Work request:
Strip out the pictures and output each remaining line of the data word for word.

Material for this task:
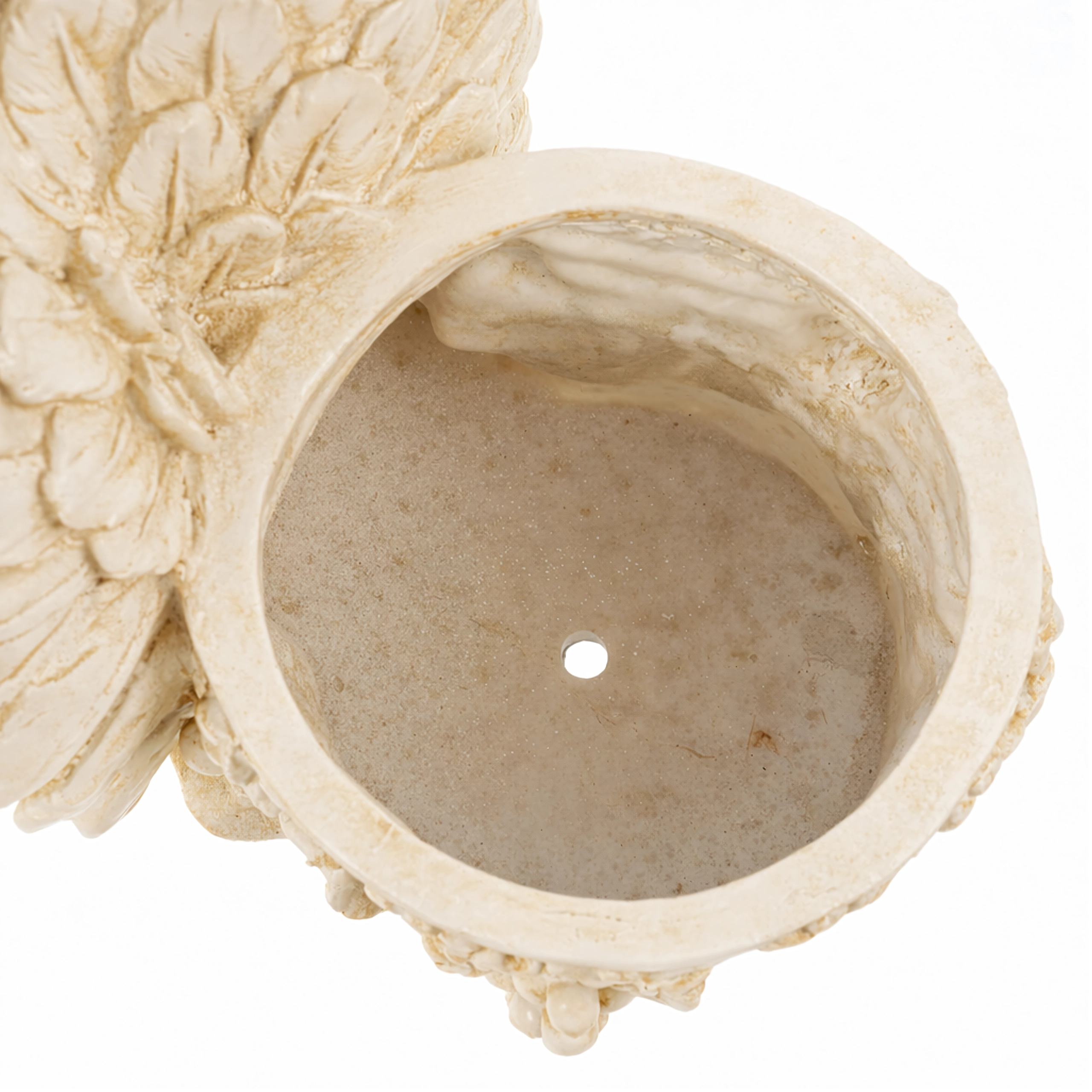 Los detalles precisos de las alas, el cabello y los motivos de hojas aportan a la decoración un carácter auténtico de piedra que destaca en cualquier composición.
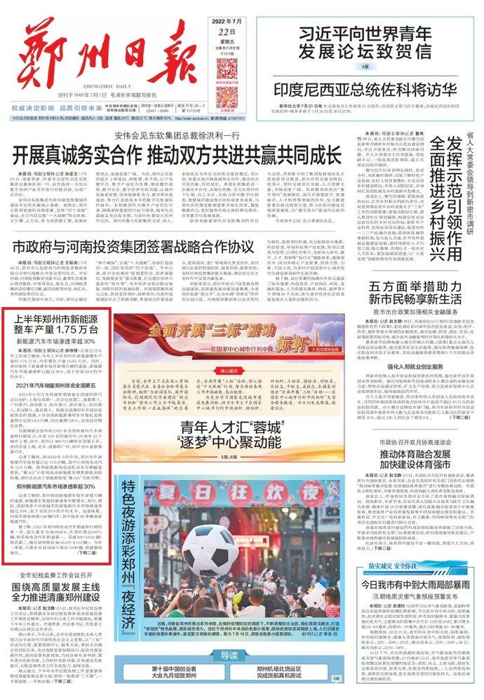 In the first half of the year, Zhengzhou's new energy vehicle output 17,500 new energy vehicle market penetration rate exceeded 30%
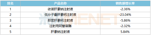 2022年中國公立醫(yī)療機(jī)構(gòu)終端抗血栓形成藥注射劑TOP5產(chǎn)品
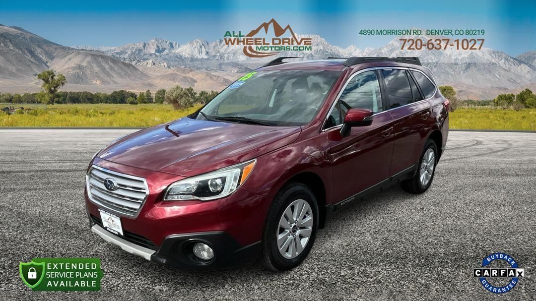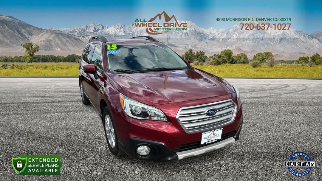 Discover this 2015 Subaru Outback 2.5i Limited, perfect for Denver's adventurous lifestyle. This all-wheel-drive beauty features a striking Venetian Red Pearl exterior and a sleek slate black leather interior. Powered by a 2.5L engine with 170HP, its fully loaded for comfort and performance.
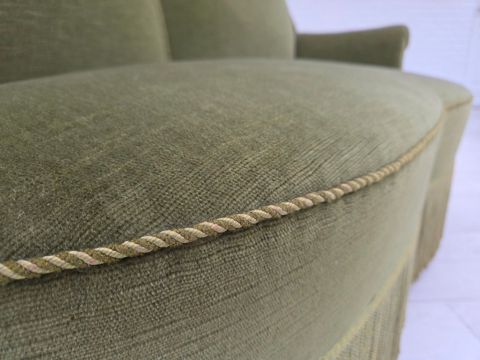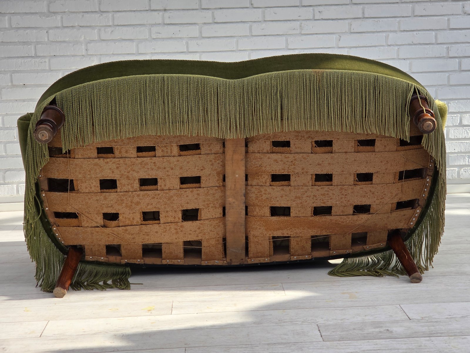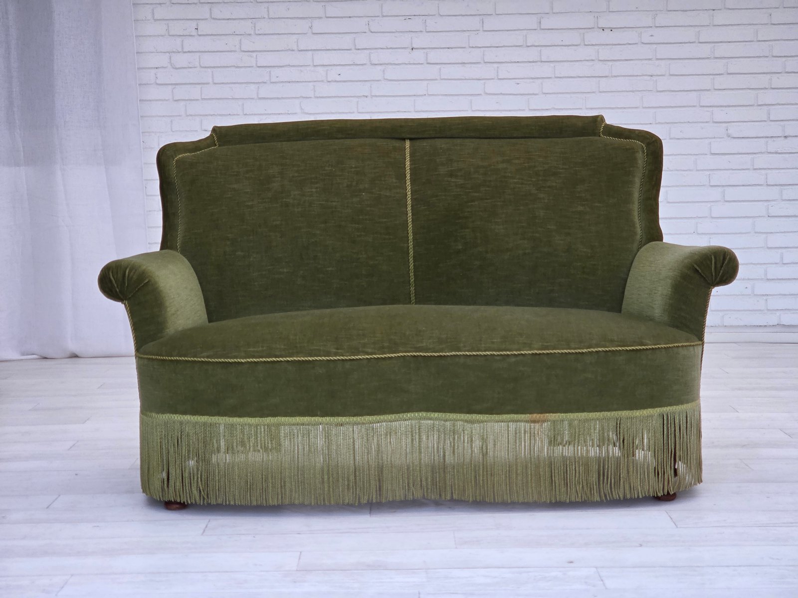 Divano a due posti in velluto verde e gambe in faggio, Danimarca, anni '60
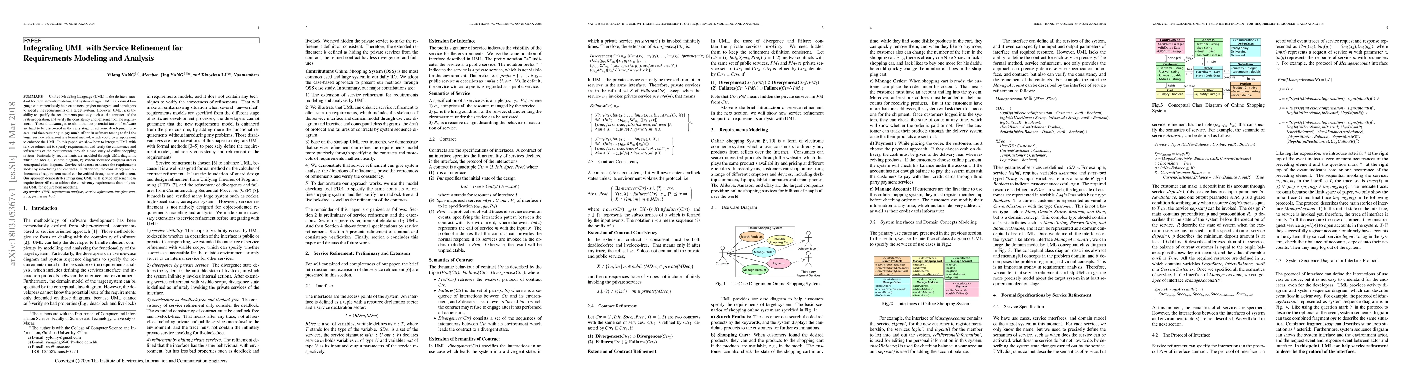 This paper proposes integrating Unified Modeling Language (UML) with service refinement to enhance precise specification and verification of requirements, illustrated through an online shopping system case study, demonstrating reduced effort in ensuring consistency compared to using UML alone.
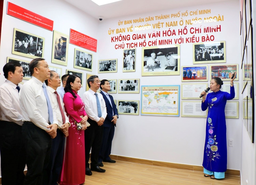 | Lãnh đạo TP Hồ Chí Minh cùng kiều bào tham quan “Không gian văn hóa Hồ Chí Minh-Điểm hẹn kiều bào”. |
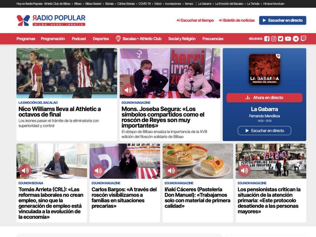 Radio Popular es una radio generalista local, líder en deportes en Bilbao: sin cadenas. Llevaban haciendo podcast desde 1960, pero no lo sabían. Así hicimos la estrategia de transformación digital y desarrollamos la plataforma de audio digital de Radio Popular, para convertir los mejores contenidos locales informativos y deportivos de Bizkaia en un producto digital único y muy especial.
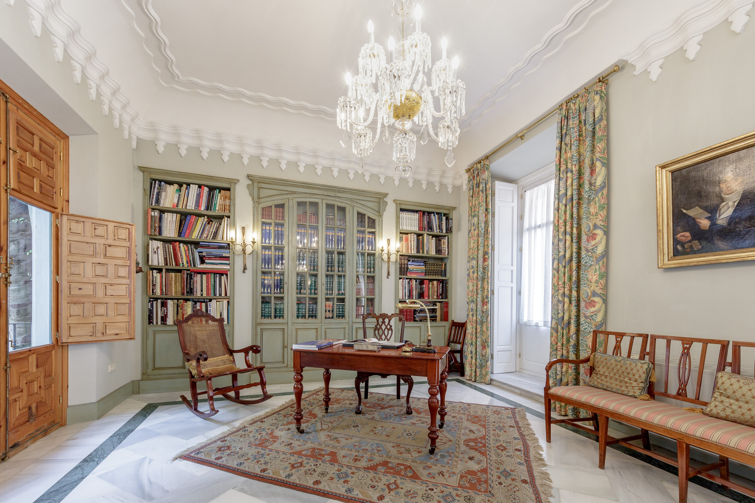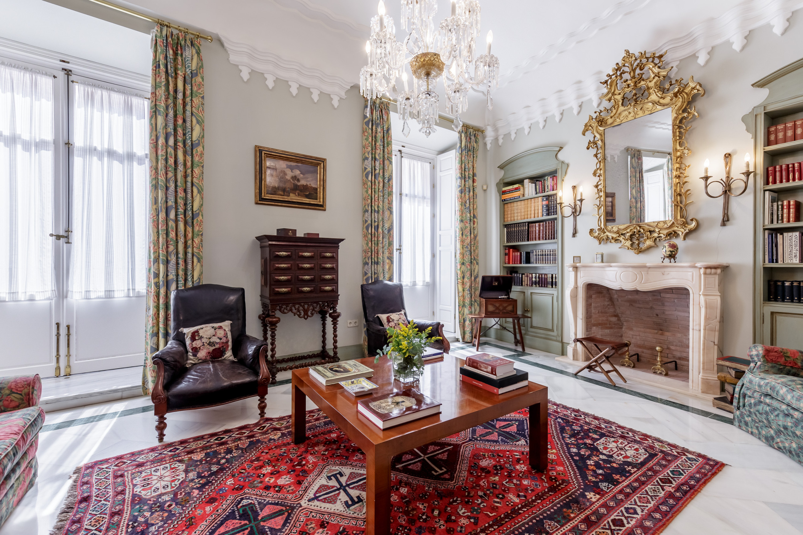 • Gran salón-biblioteca, la joya del apartamento, con tres balcones a la calle y luz natural durante todo el día: el mejor palco imaginable para ver la Semana Santa
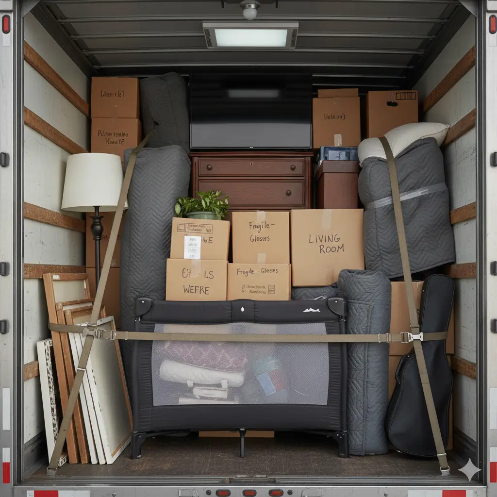 A move adds up quickly — tight hallways, stairs, corners, and heavy items being shifted multiple times. That’s why we focus on safe handling and proper securing throughout the job.
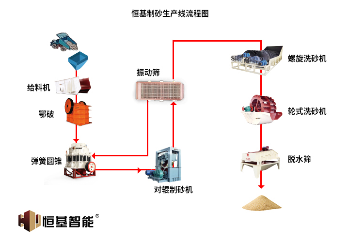 整套制砂生产线主要是由:振动给料机、鄂式破碎机、弹簧圆锥破碎机、立式双辊制砂机、振动筛、双螺旋洗砂机、轮式洗砂机和皮带输送机等设备组合而成。还可根据不同的工艺要求,各种型号的设备进行组合,满足客户的不同工艺要求。

Finished task:
 Los detalles precisos de las alas, el cabello y los motivos de hojas aportan a la decoración un carácter auténtico de piedra que destaca en cualquier composición.
 In the first half of the year, Zhengzhou's new energy vehicle output 17,500 new energy vehicle market penetration rate exceeded 30%
 2022年中國公立醫(yī)療機(jī)構(gòu)終端抗血栓形成藥注射劑TOP5產(chǎn)品
 Discover this 2015 Subaru Outback 2.5i Limited, perfect for Denver's adventurous lifestyle. This all-wheel-drive beauty features a striking Venetian Red Pearl exterior and a sleek slate black leather interior. Powered by a 2.5L engine with 170HP, its fully loaded for comfort and performance.
 Divano a due posti in velluto verde e gambe in faggio, Danimarca, anni '60
 This paper proposes integrating Unified Modeling Language (UML) with service refinement to enhance precise specification and verification of requirements, illustrated through an online shopping system case study, demonstrating reduced effort in ensuring consistency compared to using UML alone.
 | Lãnh đạo TP Hồ Chí Minh cùng kiều bào tham quan “Không gian văn hóa Hồ Chí Minh-Điểm hẹn kiều bào”. |
 Radio Popular es una radio generalista local, líder en deportes en Bilbao: sin cadenas. Llevaban haciendo podcast desde 1960, pero no lo sabían. Así hicimos la estrategia de transformación digital y desarrollamos la plataforma de audio digital de Radio Popular, para convertir los mejores contenidos locales informativos y deportivos de Bizkaia en un producto digital único y muy especial.
 • Gran salón-biblioteca, la joya del apartamento, con tres balcones a la calle y luz natural durante todo el día: el mejor palco imaginable para ver la Semana Santa
 A move adds up quickly — tight hallways, stairs, corners, and heavy items being shifted multiple times. That’s why we focus on safe handling and proper securing throughout the job.
 整套制砂生产线主要是由:振动给料机、鄂式破碎机、弹簧圆锥破碎机、立式双辊制砂机、振动筛、双螺旋洗砂机、轮式洗砂机和皮带输送机等设备组合而成。还可根据不同的工艺要求,各种型号的设备进行组合,满足客户的不同工艺要求。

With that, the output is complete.